> _Task to carry out_:
Reproduce each line of the material exactly, minus any picture.

> _Data section_:
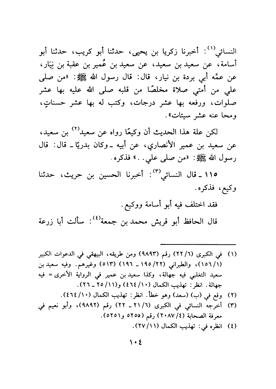 (¬١) في الكبري (٦/ ٢٢) رقم (٩٨٩٣) ومن طريقه، البيهقي في الدعوات الكبير (١/ ١٥٦)، والطبراني (٢٢/ ١٩٥ - ١٩٦) (٥١٣) وغيرهم. وفيه سعيد بن سعيد التغلبي فيه جهالة، وكذا سعيد بن عمير في الرواية الأخري = فيه جهالة. انظر: تهذيب الكمال (١٠/ ٤٦٤) و (١١/ ٢٥ - ٢٦).
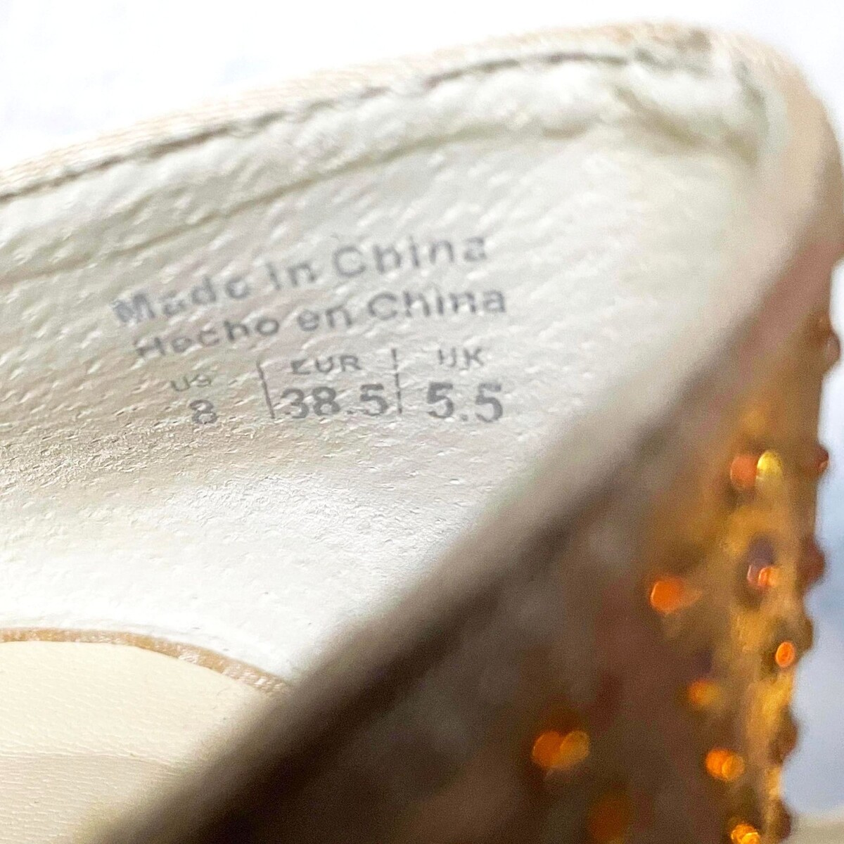 Aldo women's size 8M gold satin platform pumps. Gold satin upper with rhinestones on peep toes. Stiletto heel and heel counter are also embellished with rhinestones. Excellent condition with small scuff in insole.
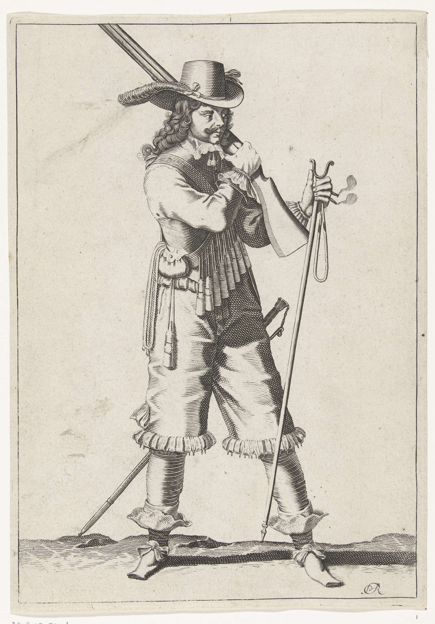 Een soldaat, ten voeten uit, naar rechts, die een musket (een bepaald type vuurwapen) met zijn rechterhand op zijn linkerschouder legt, de loop schuin omhoog wijzend. In zijn linkerhand een brandende lont en een een furket (musketvork), ca. 1645. Vrij naar plaat 33 in de instructies voor het hanteren van het musket in de Wapenhandelinghe ...

> _Result below_:
 (¬١) في الكبري (٦/ ٢٢) رقم (٩٨٩٣) ومن طريقه، البيهقي في الدعوات الكبير (١/ ١٥٦)، والطبراني (٢٢/ ١٩٥ - ١٩٦) (٥١٣) وغيرهم. وفيه سعيد بن سعيد التغلبي فيه جهالة، وكذا سعيد بن عمير في الرواية الأخري = فيه جهالة. انظر: تهذيب الكمال (١٠/ ٤٦٤) و (١١/ ٢٥ - ٢٦).
 Aldo women's size 8M gold satin platform pumps. Gold satin upper with rhinestones on peep toes. Stiletto heel and heel counter are also embellished with rhinestones. Excellent condition with small scuff in insole.
 Een soldaat, ten voeten uit, naar rechts, die een musket (een bepaald type vuurwapen) met zijn rechterhand op zijn linkerschouder legt, de loop schuin omhoog wijzend. In zijn linkerhand een brandende lont en een een furket (musketvork), ca. 1645. Vrij naar plaat 33 in de instructies voor het hanteren van het musket in de Wapenhandelinghe ...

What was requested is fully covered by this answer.